In a pilot undertaken with Metropole de Lyon, France, 115 school children aged 3 and 4 underwent the test and 23 were found to be atypical. Furthermore, 13 students, most of whom were girls, were newly identified to be at risk and therefore invited for further monitoring and follow-on tests. This is significant because, as research has repeatedly found, medics and educators often overlook girls with cognitive disorders because their socialization effectively teaches them to mask ADHD/ autism characteristics more than that of their male counterparts.

SIBIUS wants to achieve systematic testing at a young age, just like the routine tests for eyesight, weight, and hearing that all children undergo throughout their primary years. “We want to test 13 million children in the next five years and, as a result, help detect at least 1 million suffering from neurodevelopment disorders,” said Avelines. “Being able to support kids from their youngest age is a game-changer for them, for their families and their teachers.” 

SIBIUS uses artificial intelligence and patented Digitrack technologies to create the first objective marker for cognitive disorders

Change with your life’s priorities

Family is something Avelines has always put first in her career. In the mentoring work that she continues to do with MBA students, she sometimes draws from her own experience to explain that success is multi-faceted, and that flexibility is available if it is demanded.

“I’ve always privileged my family and my personal needs next to my career. Those do not have to be at the expense of each other. For example, my partner and I share the childcare no matter what,” she said. “For many years I left the office early to collect my kids from school and then logged back on from home after dinner. That flexibility was paramount to me,” she said.

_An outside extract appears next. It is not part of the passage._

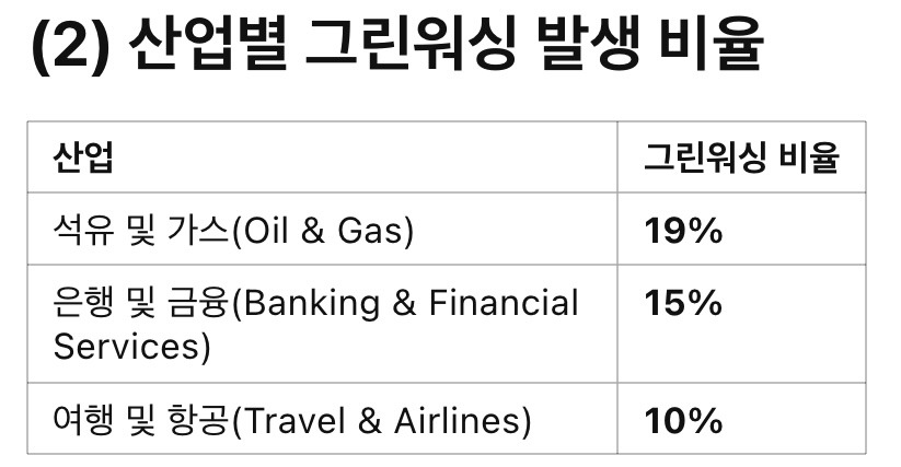 석유·가스 업계가 **가장 높은 비율(19%)**을 기록하며, 탄소 배출 감축 실질적 조치 부족으로 인해 ESG 리스크가 높은 산업으로 평가됨 oai_citation:6‡KPMG_Law_Greenwashing_1740280172.pdf.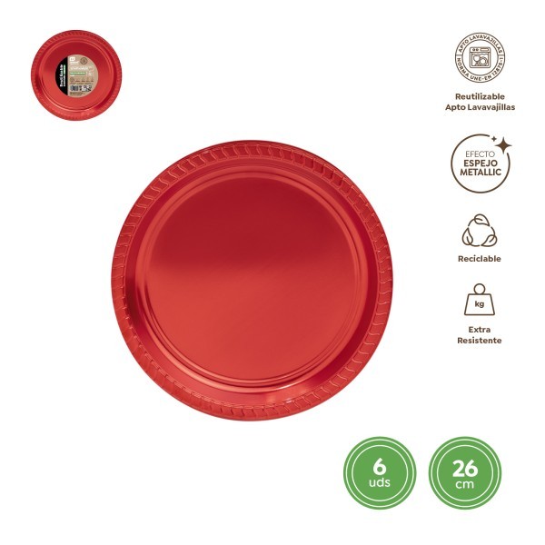 Aporta estilo y brillo a tus comidas con este plato llano redondo color rojo metálico. Pack de 6 unidades. Diámetro: 26 cm.

Furthermore, Avelines believes that a career path need not entail a linear, upward curve. Developing real-world expectations is far more important than living according to a prescribed notion of success, she said. “I do not believe in the notion of a single professional purpose. Life happens, priorities change, interests change, and we have unique needs at different stages of life,” she said.

Her mentees often ask for advice on how to present an employment hiatus in an interview or how to manage an ambitious career alongside family demands. For female MBAs, who often undertake the course at the age when they are also thinking about having children, this can pose a serious dilemma. To them, Avelines’ advice is simple. 

“Tell your story and tell it truthfully. I have hired people who have had up to three-year career break to care for a loved one or be a more present parent. Authenticity is more important than a slick rĂ©sumĂ©. And the younger generation is much better at acknowledging and being open about their needs or choices than their predecessors,” she said.